A few things Iearned about using foam is that you have very little time before it hardens in the spraying nozzle, Id only done 2 corners and the rim near the roof before it hardened and was useless lol!! The second can I had to go for it as it was my last and just got it done before it finished (there's not that much in a can BTW)
Will be carving and adding the coco fibre to the foam on friday so will update then


----------



## ephiedoodle (Oct 22, 2008)

well it looks like you're off to a great start,i look
forward to seeing how you get on.


----------



## stewie m (Sep 16, 2009)

looks good so far


----------



## nessa (Mar 30, 2010)

hey there  looking good so far, will be interesting to see this one progress  
one question, won't the peat cup start to disintergrate as you mist the tank? 
Nessa xx


----------



## deansie26 (Apr 28, 2009)

*peat*



nessa said:


> hey there  looking good so far, will be interesting to see this one progress
> one question, won't the peat cup start to disintergrate as you mist the tank?
> Nessa xx


Thanx,
Yeh they would but im going to be covering them with silicone and then with coco fibre 

bet wishes

Jamie


----------



## nessa (Mar 30, 2010)

deansie26 said:


> Thanx,
> Yeh they would but im going to be covering them with silicone and then with coco fibre
> 
> bet wishes
> ...


ooh clever  good luck


----------



## soundstounite (Sep 6, 2009)

hey dude,you can buy expanding foam with a reausable gun from a builders merchant, about £25 for gun, can o cleaner and a can of foam, there after about £6 per new can of foam,might be a better option if more than one viv to build,you can also shape the foam with your hands,just before it sets but ware surgical gloves just incase it ain't ready,its a sod to get off your mits,regards stu


----------



## deansie26 (Apr 28, 2009)

*foam gun*

would be cheaper Stu, wonder how you clean the gun to re-use it?
I got 2 cans from Dartfrog.co.uk, is what the german guys use apparently.
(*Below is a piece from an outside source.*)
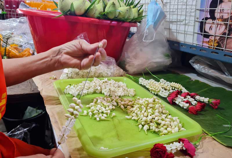 บรรยากาศมีลูกค้ามาเลือกซื้อพวงมาลัยดอกมะลิกันอย่างคึกคัก จนต้องมีการเร่งร้อยพวงมาลัยกันตลอดทั้งวัน เพื่อให้เพียงพอต่อความต้องการของลูกค้า ซึ่งนางอุทัย ศรพระอินทร์ เจ้าของร้านแม่บุญช่วย บอกว่าในช่วงเทศกาลสงกรานต์ทุกปีจะมีลูกค้าแวะมาเลือกซื้อพวงมาลัย และสิ่งของที่จะต้องนำไปประกอบพิธีสงกรานต์กันอย่างเนืองแน่น ส่วนใหญ่จะเป็น พวงมาลัยดอกมะลิ ซึ่งที่ร้านจะมีขายตั้งแต่พวงละ 20 บาท ไปจนถึง 200 บาท แล้วแต่ขนาด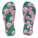 Flip Flops in a pattern of water lillis in soft shades of pink, and emerald green lily pads, floating on a pond

First time using these things is always gonna be the trickiest thou I guess


----------



## liamb111 (Apr 2, 2010)

tbh the dartfrog stuff seems ovrepriced. i just use expanding foam from hardwear shops, around £7 and no delivery charges! just make sure it's NOT fire resistent.


----------



## soundstounite (Sep 6, 2009)

the cleaner is in a can same as the foam,basically while usingthe gun it shuts down foams contact with air,you just break any hardened off,and ready for next app. end of a can remove foam can,attach can"o" cleaner blast through gun ,ready to go for next time simples....stu


----------



## deansie26 (Apr 28, 2009)

*viv*

I was getting other stuff from dartfrog so delivery charge wasn't an issue-your right I could have got it cheaper probably but only £3 difference so no biggy plus It meant I didn't have to check the label.
Will look around next time if I do more vivs, is just easy placing one order lol-me is a bit lazy ha ha


----------



## deansie26 (Apr 28, 2009)

*update*

Well id been away for 2 nights with the wife and just back today-managed to get the coco fibre on the foam-wasn't to bad to be honest and only took me an hour thou im sure ill have touch ups to do tomorrow, ill also have to scrape some silicone from the glass (impossible to avoid if doing it fast ha). Here are some pics


























My plants & other equipment arrived today as you can see so I want to have the viv planted/ roofed and light wired up tomorrow so I can relax on sunday before going back to work 









Will try update tomorrow


----------



## Morgan Freeman (Jan 14, 2009)

Looking good. I get so excited when new plants arrive.


----------



## whale_omelette (Jun 3, 2010)

what cocofiber and silicone do you use?
x


----------



## deansie26 (Apr 28, 2009)

*coco, silicone*



whale_omelette said:


> what cocofiber and silicone do you use?
> x


Thanx Morgan,

Hey, I used a black silicone and a coco that you buy in a bag dried ready to go, I couldn't be bothered expanding a block then drying it etc.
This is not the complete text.